The European Union is starting a crackdown on government tax deals for big corporations, according to a report in the Financial Times.
The first cases involve the operations of Starbucks and Fiat in the Netherlands and Luxembourg, the FT said, setting up a bigger fight with US technology giants.
The story cites one senior EU official as saying that the Fiat and Starbucks cases were only “the tip of the iceberg”and that the EU’s competition commission, led by Margrethe Vestager, will start to probe the favourable tax treatment enjoyed by tech companies such as Apple and Amazon.
The EU will rule on Wednesday that deals between Luxembourg and Fiat and the Netherlands and Starbucks illegally reduced the tax the companies would have to pay normally.
The rate of Starbucks’s corporation tax was reduced from 25% to 2.5% and Fiat from 29% to 1%.

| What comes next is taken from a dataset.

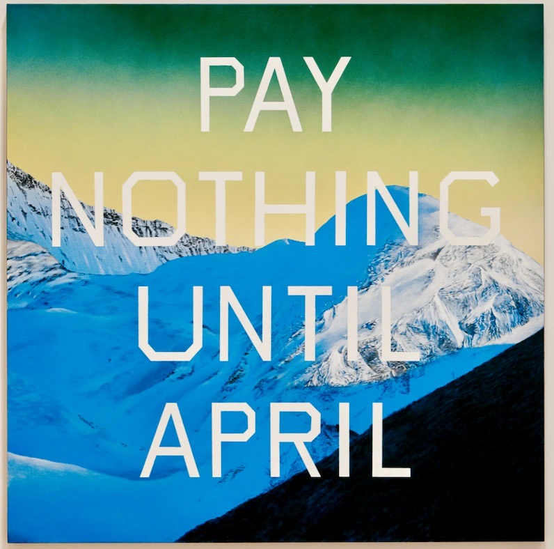 (#7) “Pay Nothing Until April,” a painting from 2003. Ruscha’s later text paintings employ a typeface of his own design, which he called Boy Scout Utility Modern.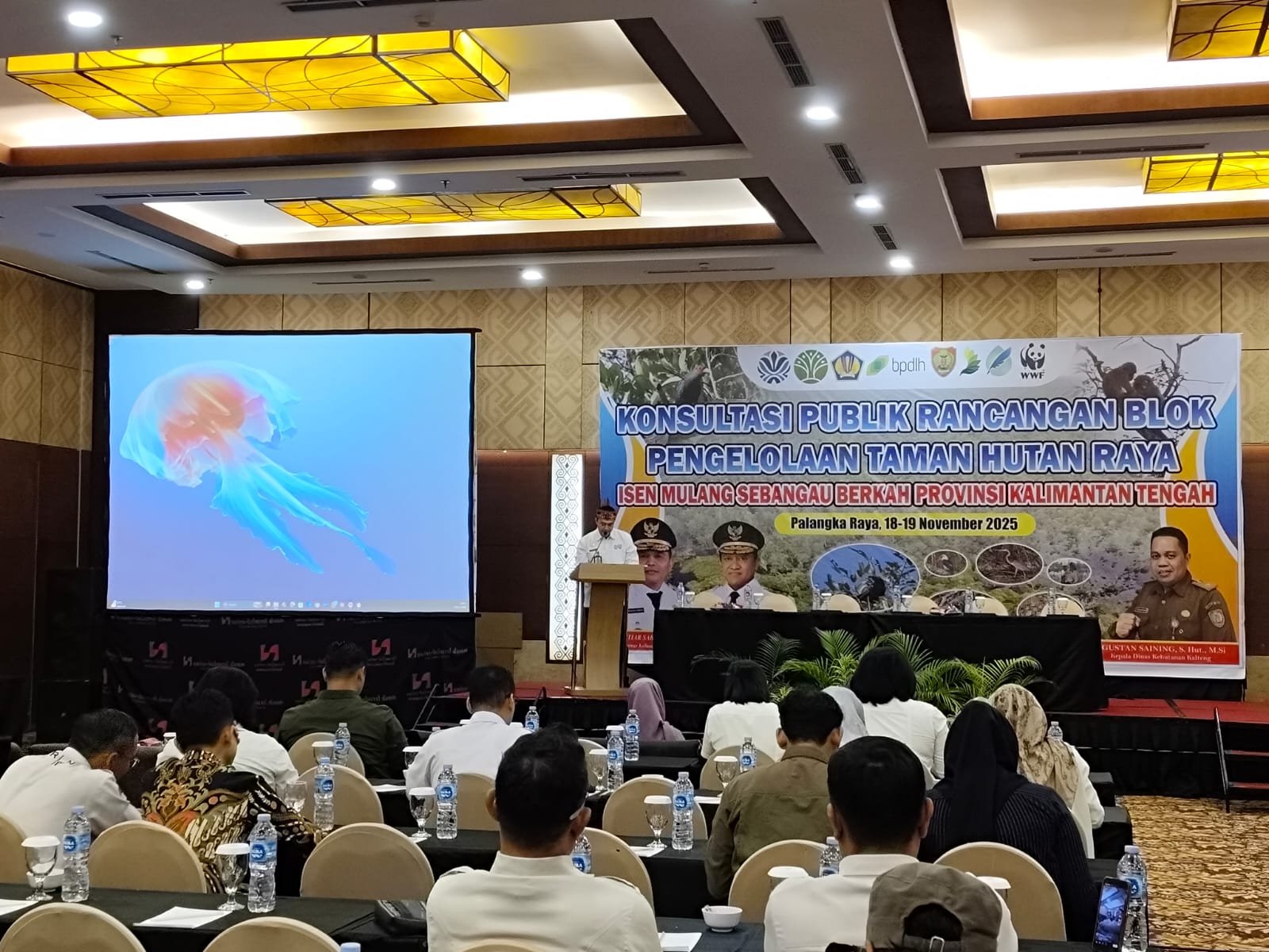 “Namun, menurut aturan UU Nomor 23 Tahun 2014 tentang Pemerintahan Daerah, kewenangan pengelolaan konservasi tetap berada pada pemerintah pusat, sementara pemerintah daerah berperan pada pengelolaan lintas kabupaten/kota,” ucapnya dalam acara Konsultasi Publik Rancangan Blok Pengelolaan Tahura Isen Mulang Sebangau Berkah yang digelar di Swiss-Belhotel Palangka Raya, 18-19 November 2025.

The agreements — in the form of so-called “comfort letters” — amount to illegal state help for corporations, the EU argues.
The companies will have to pay back the amount they avoided in tax. The FT said Fiat would owe less than €30 million ($US34 million), while Starbucks would have to pay back “no more than €200 million ($US226 million).
While Luxembourg and the Netherlands both claim that the tax structures were legal, the cases signal the EU’s willingness to crack down on controversial schemes that let big companies pay less tax than official rates.
Facebook sparked controversy ealier this month, when it revealed it paid just less than £5,000 ($US7,700) in UK corporation tax last year despite paying out £35 million ($US54 million) in staff bonuses, according its latest published accounts.